• _WORK ORDER_
Find the line below with "El portal de". Print it and every line after it exactly, through the last line, leaving out the pictures.

SUPPLIED MATERIAL section start

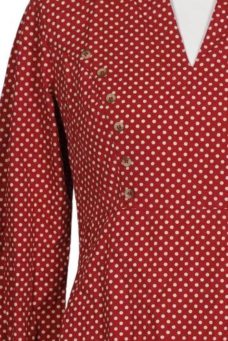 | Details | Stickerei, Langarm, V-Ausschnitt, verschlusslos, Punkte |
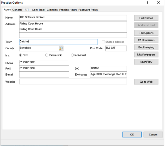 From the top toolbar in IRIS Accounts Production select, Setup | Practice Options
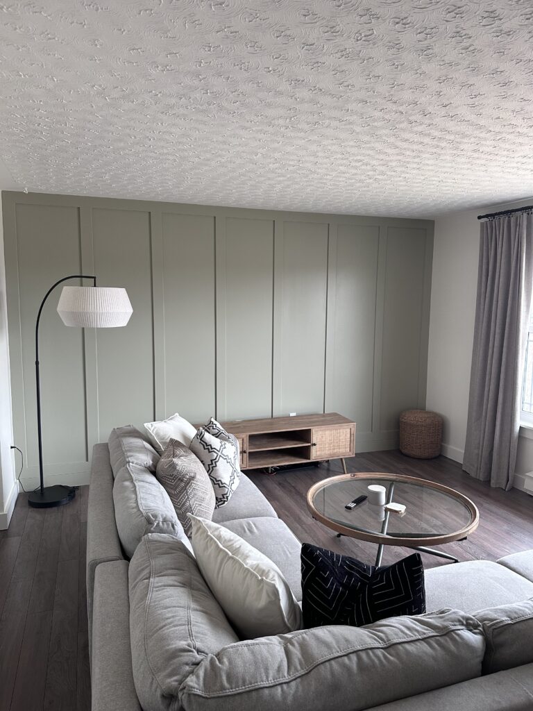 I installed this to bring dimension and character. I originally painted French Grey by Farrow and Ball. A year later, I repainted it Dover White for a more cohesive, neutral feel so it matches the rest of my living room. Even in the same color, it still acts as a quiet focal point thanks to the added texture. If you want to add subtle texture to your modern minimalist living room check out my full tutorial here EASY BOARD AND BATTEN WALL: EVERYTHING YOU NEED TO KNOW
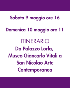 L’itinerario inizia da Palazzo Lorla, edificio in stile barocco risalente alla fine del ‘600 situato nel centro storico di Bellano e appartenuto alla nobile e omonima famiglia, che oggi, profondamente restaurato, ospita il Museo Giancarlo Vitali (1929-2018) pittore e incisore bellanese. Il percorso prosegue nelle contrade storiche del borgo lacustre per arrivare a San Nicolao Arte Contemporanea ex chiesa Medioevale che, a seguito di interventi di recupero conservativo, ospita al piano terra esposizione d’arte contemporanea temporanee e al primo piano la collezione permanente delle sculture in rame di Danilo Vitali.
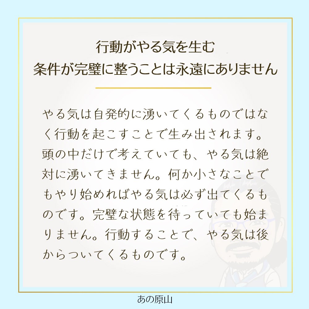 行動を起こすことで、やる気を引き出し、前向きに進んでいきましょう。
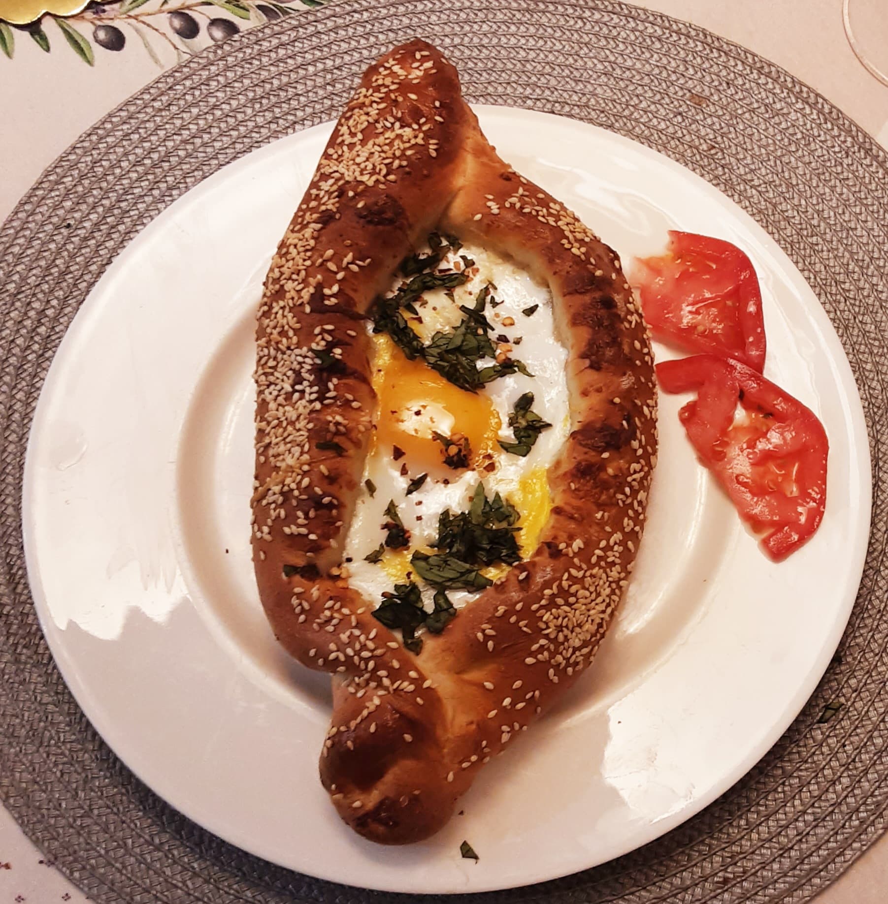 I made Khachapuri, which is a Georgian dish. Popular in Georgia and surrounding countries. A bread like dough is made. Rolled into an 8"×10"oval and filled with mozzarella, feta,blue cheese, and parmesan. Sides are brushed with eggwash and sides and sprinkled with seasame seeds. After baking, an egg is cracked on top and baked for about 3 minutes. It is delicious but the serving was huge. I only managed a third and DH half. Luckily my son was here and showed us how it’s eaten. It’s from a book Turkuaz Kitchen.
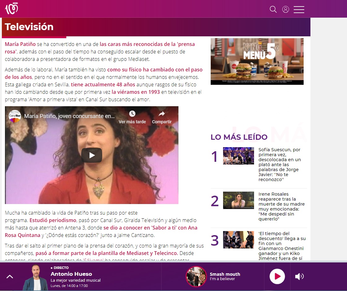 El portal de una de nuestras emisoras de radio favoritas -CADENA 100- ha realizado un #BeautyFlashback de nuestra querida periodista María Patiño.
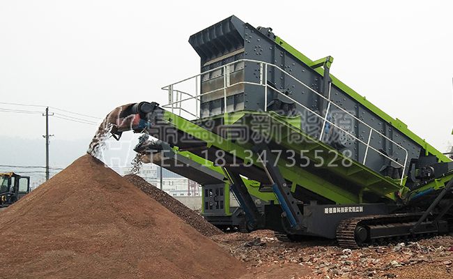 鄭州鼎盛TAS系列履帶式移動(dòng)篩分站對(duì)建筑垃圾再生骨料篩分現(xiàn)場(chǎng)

SUPPLIED MATERIAL section end

• _ANSWER SPACE_
 El portal de una de nuestras emisoras de radio favoritas -CADENA 100- ha realizado un #BeautyFlashback de nuestra querida periodista María Patiño.
 鄭州鼎盛TAS系列履帶式移動(dòng)篩分站對(duì)建筑垃圾再生骨料篩分現(xiàn)場(chǎng)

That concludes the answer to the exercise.